Die neue Stahlbetonbrücke in der Drebkauer Straße soll am 23. Mai für den Straßenverkehr freigegeben werden. Bürgermeisterin Christine Herntier (parteilos) hat sich deshalb zum Stand der Arbeiten an der Brücke über die Kohlebahn informiert. Raik Gallas vom Sachbereich Tiefbau würdigt die gute Zusammenarbeit der am Bau beteiligten Firmen sowie die problemlose Abstimmung mit dem Bergbaubetreiber Leag. Der Zug konnte trotz Bauarbeiten fahren. Es kam nur zu kurzen Unterbrechungen, wenn die Arbeiter unmittelbar am Gleisbett zu tun hatten.

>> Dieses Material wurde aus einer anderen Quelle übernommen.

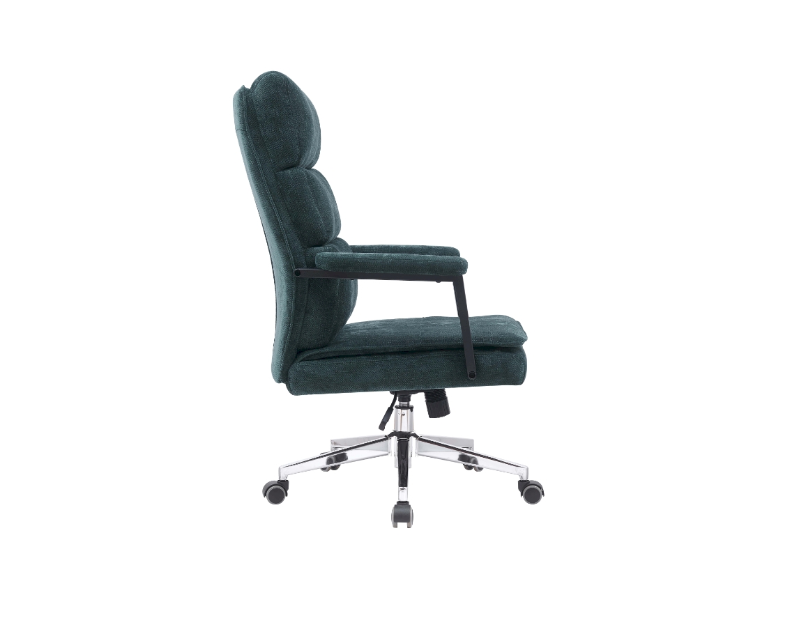 Nasloni za ruke stolice su fiksirani i podstavljeni na vrhu kako bi pružili udobno mjesto za odmor vašim rukama i smanjili opterećenje na vašim ramenima. Baza stolice izrađena je od metala s elegantnom kromiranom završnom obradom. Crni poliuretanski kotači glatko klize po raznim podnim površinama i omogućuju jednostavnu pokretljivost dok štite vaš pod od ogrebotina.
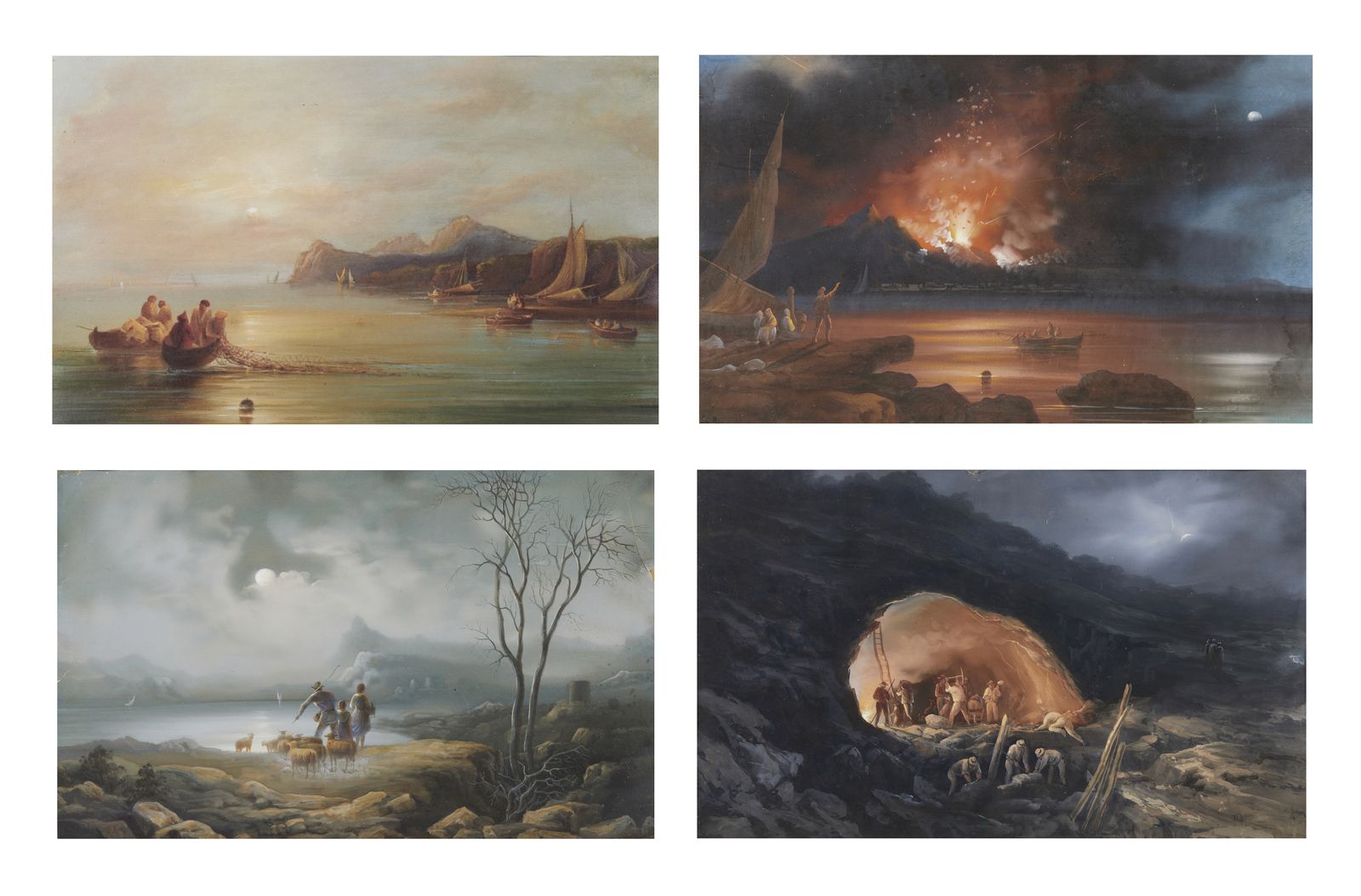 Gruppo di quattro dipinti raffiguranti vedute napoletane

Ende Juni 2017 war die marode Drei-Feld-Fertigteilkonstruktion aus dem Jahre 1973 abgerissen worden. Danach konnten die Arbeiten für den Brückenneubau beginnen. Die Bauzeit wurde mit etwa zehn Monaten veranschlagt. Wie Fachbereichsleiter Gerd Schmiedel informiert, behinderten Sturmschäden kurzzeitig den zügigen Bauverlauf. Schlimmer allerdings waren die Einbrüche. Fünfmal wurden die Firmen mit Diebstahldelikten konfrontiert. Die Container waren aufgebrochen und hochwertige Gerätschaften gestohlen worden.

Die neue Betonfertigteilbrücke hat heute statt der einst 13 Meter eine lichte Weite von sieben Metern. Der Brückenbau läuft mit Zuwendungen des Landes Brandenburg. Sie kommen aus dem Topf des Infrastrukturministeriums für die Verbesserung der Verkehrsverhältnisse in den Gemeinden.